#### Exercise inputs
• • • •
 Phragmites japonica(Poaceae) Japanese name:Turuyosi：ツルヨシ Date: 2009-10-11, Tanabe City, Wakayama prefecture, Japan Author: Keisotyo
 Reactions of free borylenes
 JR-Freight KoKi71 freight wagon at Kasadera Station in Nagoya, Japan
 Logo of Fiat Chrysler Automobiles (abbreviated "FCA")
• • • •
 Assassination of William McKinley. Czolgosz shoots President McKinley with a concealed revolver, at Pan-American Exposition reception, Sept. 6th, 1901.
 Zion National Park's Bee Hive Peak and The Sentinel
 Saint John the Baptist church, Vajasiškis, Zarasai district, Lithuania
• • • •
#### To do
Extract from the listing above the lines between the line containing "Reactions of free borylenes" and the line containing "Logo of Fiat", keeping both of those lines. Output nothing else.

#### Exercise answer
 Reactions of free borylenes
 JR-Freight KoKi71 freight wagon at Kasadera Station in Nagoya, Japan
 Logo of Fiat Chrysler Automobiles (abbreviated "FCA")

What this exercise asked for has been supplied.